● Aim of the task:
Only the lines from the one with "Locandina Rock per" through the final line below belong in the answer, copied exactly and without pictures.
*** Block opens ***
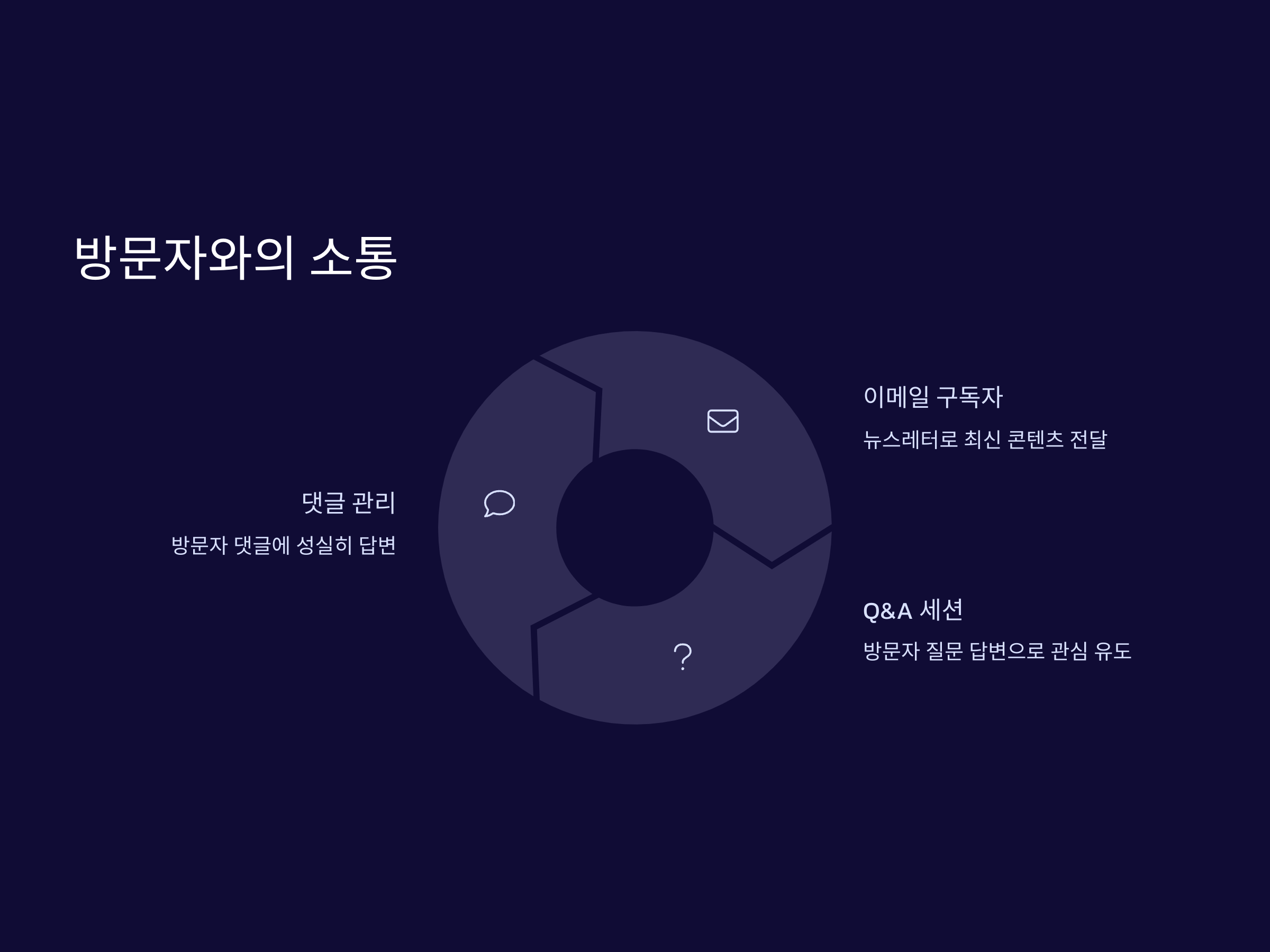 - 이메일 구독자와의 소통: 이메일을 통해 뉴스레터나 최신 콘텐츠를 전달하고 소통합니다.
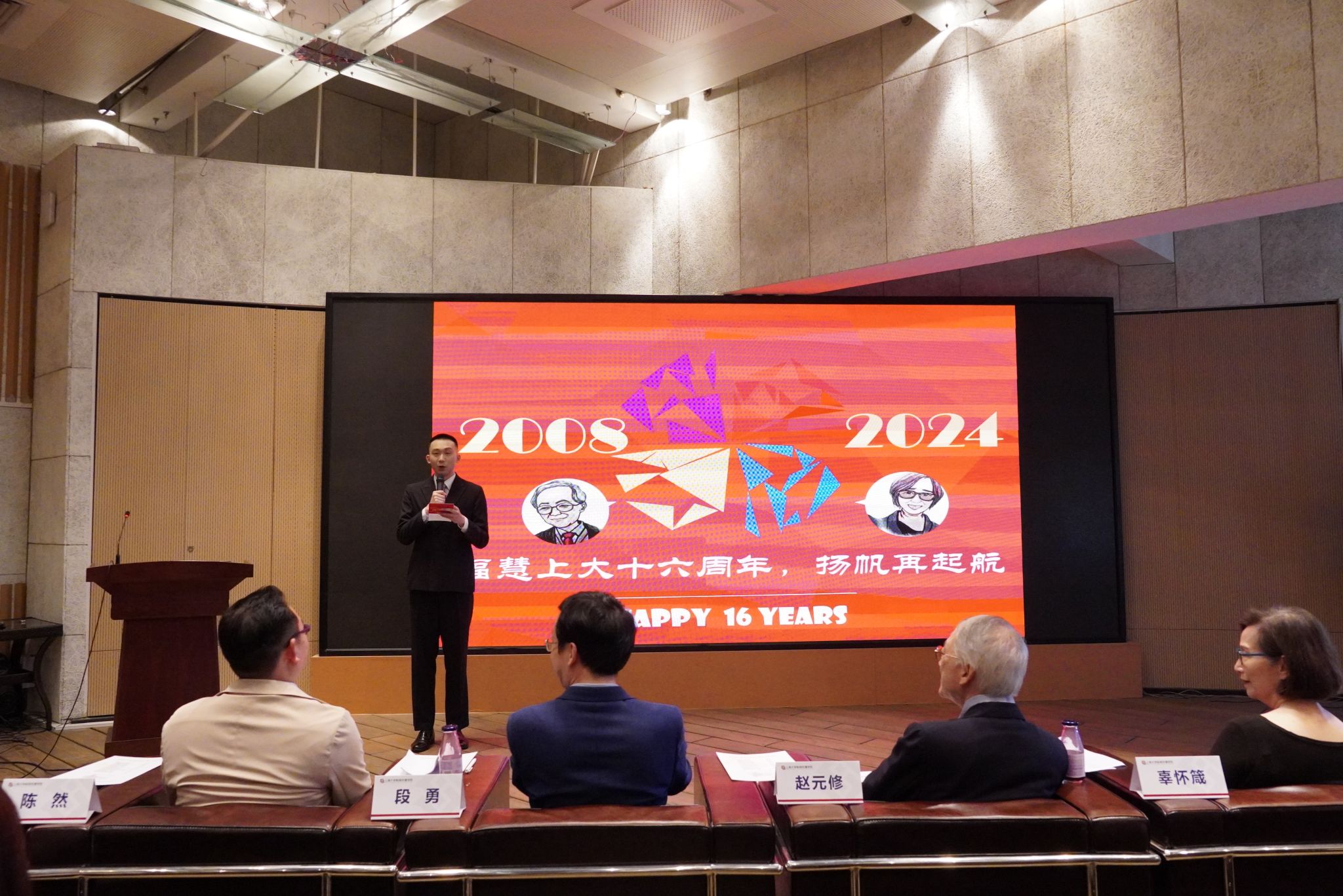 仪式之初用一段8分钟的视频,回顾了福慧赵氏廷芳奖学金与上大学子16年来双向奔赴的合作,无数次跨越山海的探望,无数个温馨动人的瞬间,让与会嘉宾师生都为之动容。2008年以来,福慧赵氏廷芳奖学金在我校落地生根,从最早一家学院受到资助,到如今覆盖新传、电影、美术、文信、社会等10余所院系,把关怀和鼓励带给了上大莘莘学子。截至目前,福慧赵氏廷芳奖学金累计奖助总额达到150万元,受助学生达到400人次。时光荏苒,岁月如梭。福慧赵氏廷芳奖学金像一座灯塔,照亮了无数渴望知识、追求梦想的学子前行的道路。不仅仅给予了学生物质上的帮助,更传递了一种克服困难、不断进取的精神。
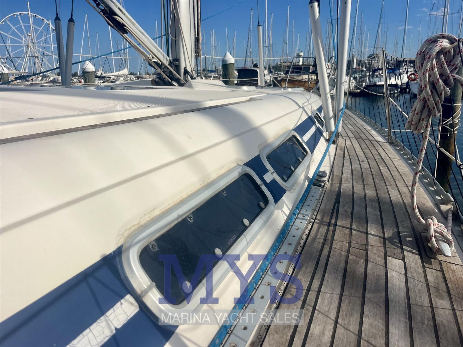 Ancora (50 mt di catena), Autoclave, 3 Batterie, Doccia esterna, 6 Parabordi, Pompa di sentina automatica, Pompa di sentina manuale, Ponte in teak, Pozzetto Teak, Raddrizzatore, Salpa Ancore Elettrico, Sartiame spiroidale, Scaletta da bagno, Tavolo pozzetto, 4 Winch.
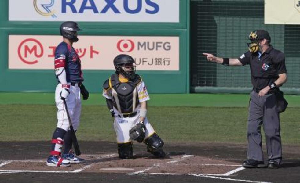 ソフトバンク戦で打者のピッチクロック違反を取られた日本代表・佐藤=2月、サンマリン宮崎
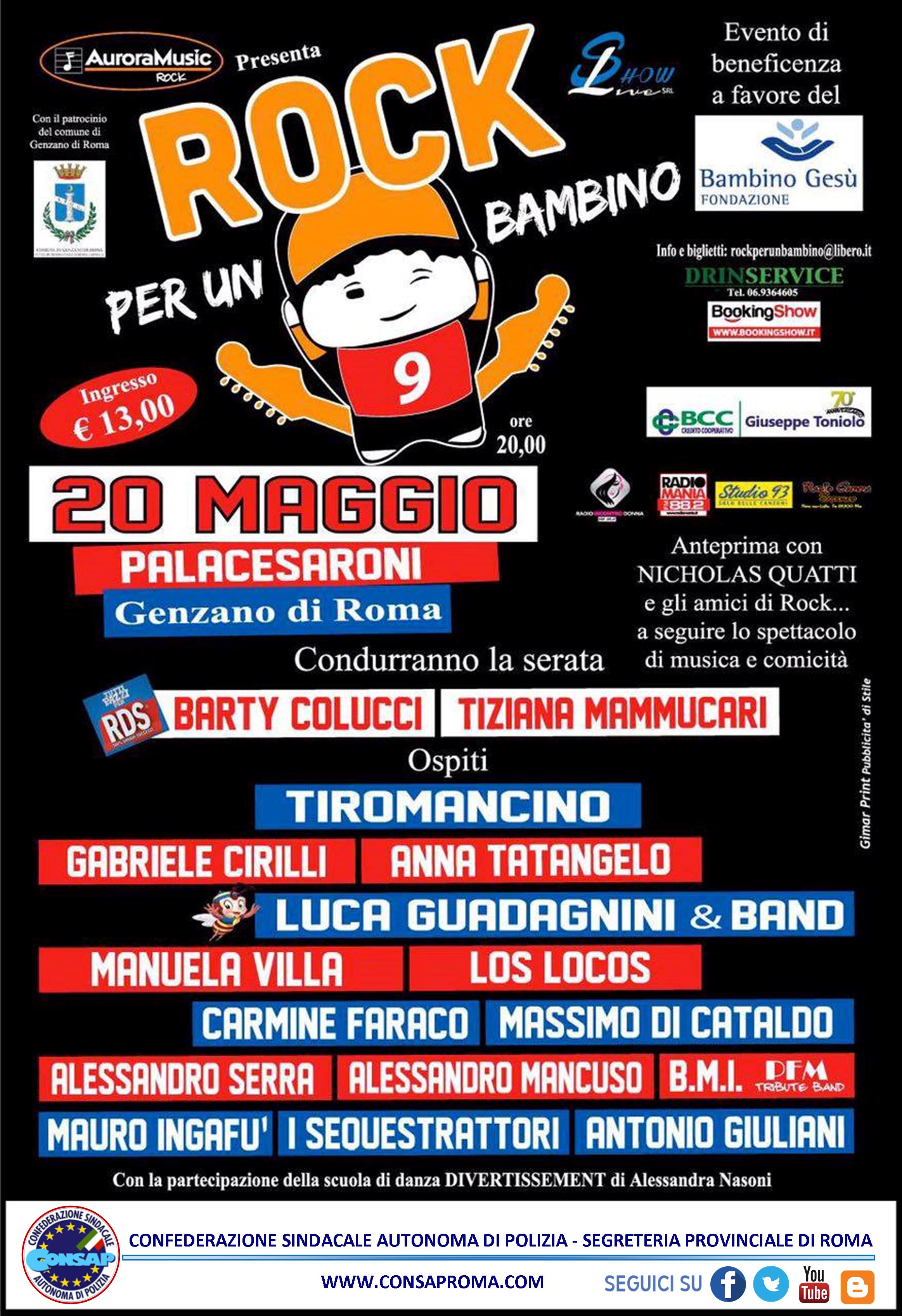 Locandina Rock per un Bambino 9^ edizione del 20 Maggio 2017
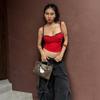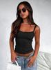 Camisola de Mujer 2025 Ropa Europea y Americana Verano Sexy Versátil Ajustada Corta Sexy Color Puro Camiseta Básica Transfronteriza
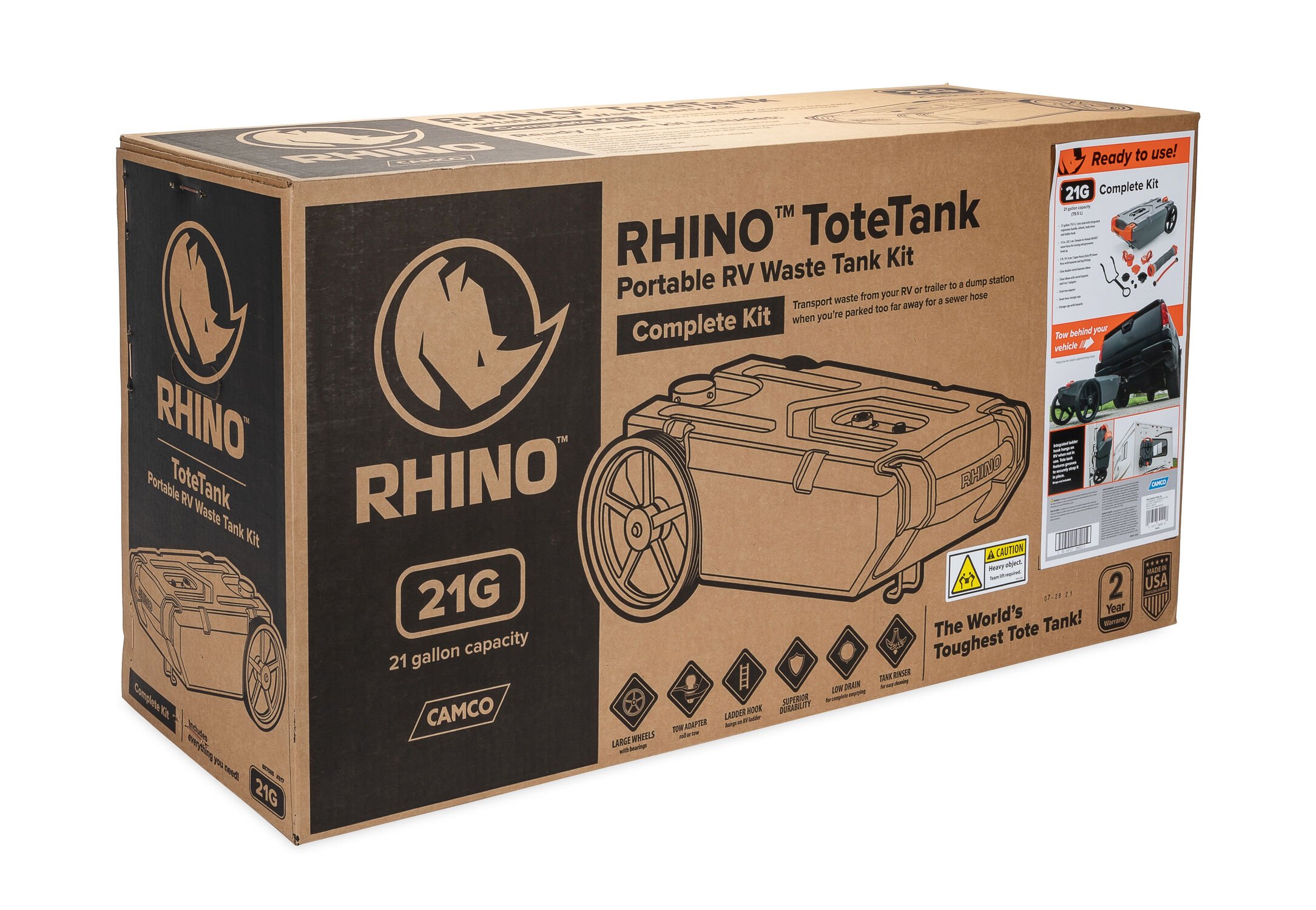 - Includes: (1) 21 gallon tote tank, (1) large, durable handle, (2) oversized wheels, (1) tank rinser, (1) ladder hook, (1) 3-foot, super heavy-duty sewer hose with swivel bayonet and lug fittings, (1) 15-inch female to female orange Rhino grey water hose, (1) clear elbow with a 4-in-1 adapter, (1) clear double bayonet elbow, (3) storage caps, (2) caps with lanyards for rinse connections and (1) steel tow adapter
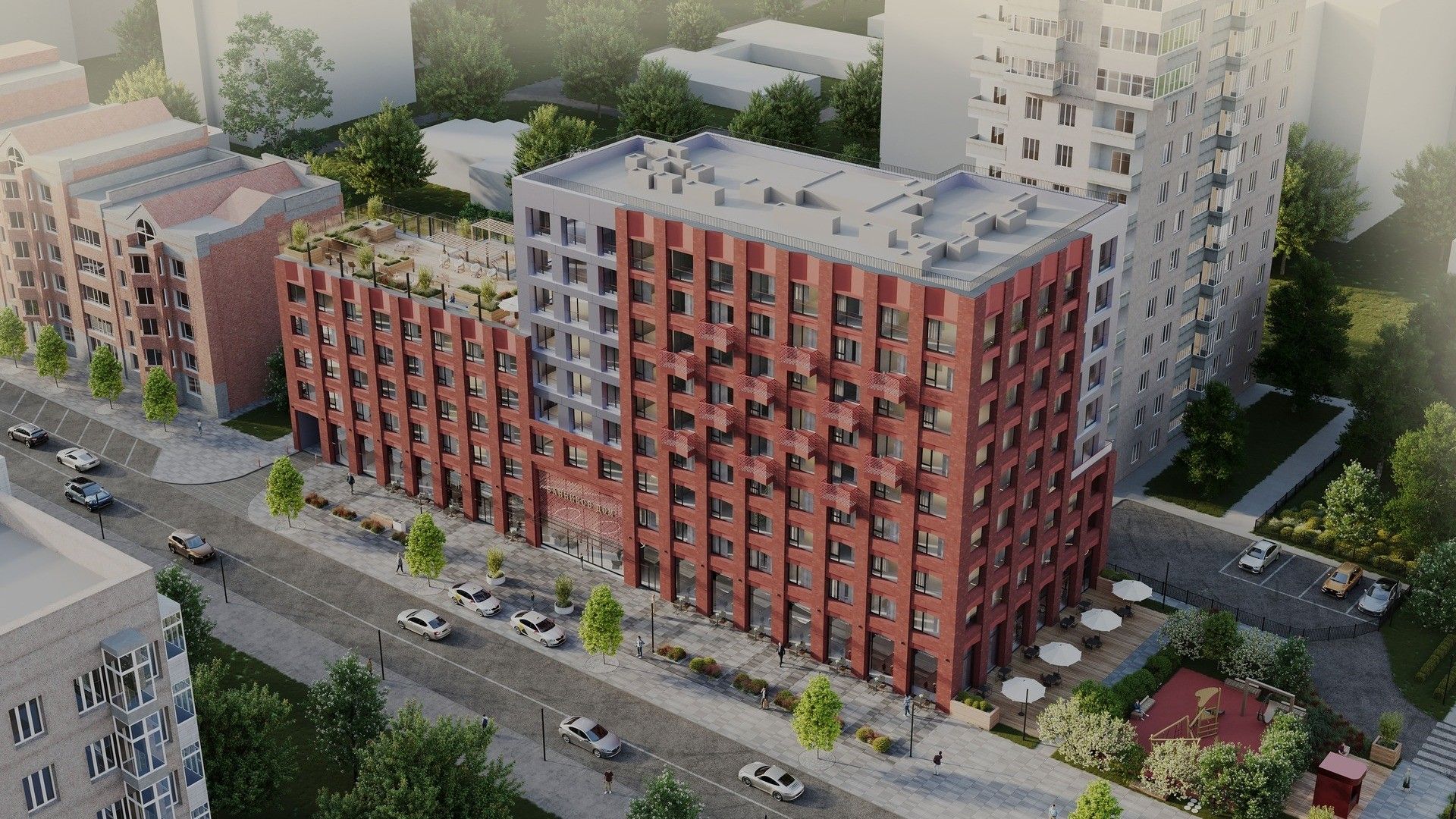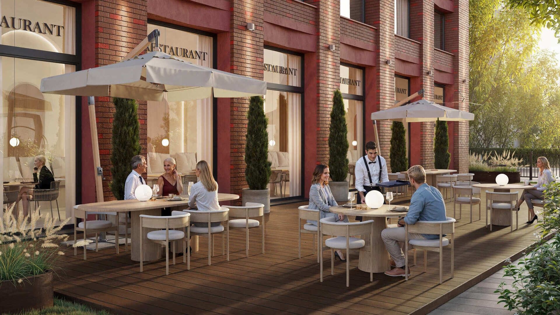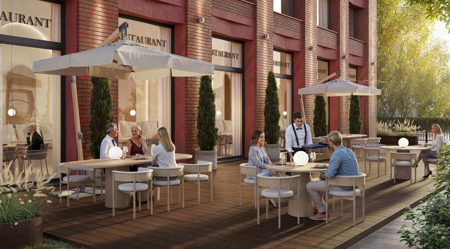 - Собственный ресторан авторской кухни: На первом этаже здания будет расположен ресторан с террасой, что добавляет комфорта для жильцов и придает проекту статусности.
*** Block closes ***
● Exercise response:
 Locandina Rock per un Bambino 9^ edizione del 20 Maggio 2017
 Camisola de Mujer 2025 Ropa Europea y Americana Verano Sexy Versátil Ajustada Corta Sexy Color Puro Camiseta Básica Transfronteriza
 - Includes: (1) 21 gallon tote tank, (1) large, durable handle, (2) oversized wheels, (1) tank rinser, (1) ladder hook, (1) 3-foot, super heavy-duty sewer hose with swivel bayonet and lug fittings, (1) 15-inch female to female orange Rhino grey water hose, (1) clear elbow with a 4-in-1 adapter, (1) clear double bayonet elbow, (3) storage caps, (2) caps with lanyards for rinse connections and (1) steel tow adapter
 - Собственный ресторан авторской кухни: На первом этаже здания будет расположен ресторан с террасой, что добавляет комфорта для жильцов и придает проекту статусности.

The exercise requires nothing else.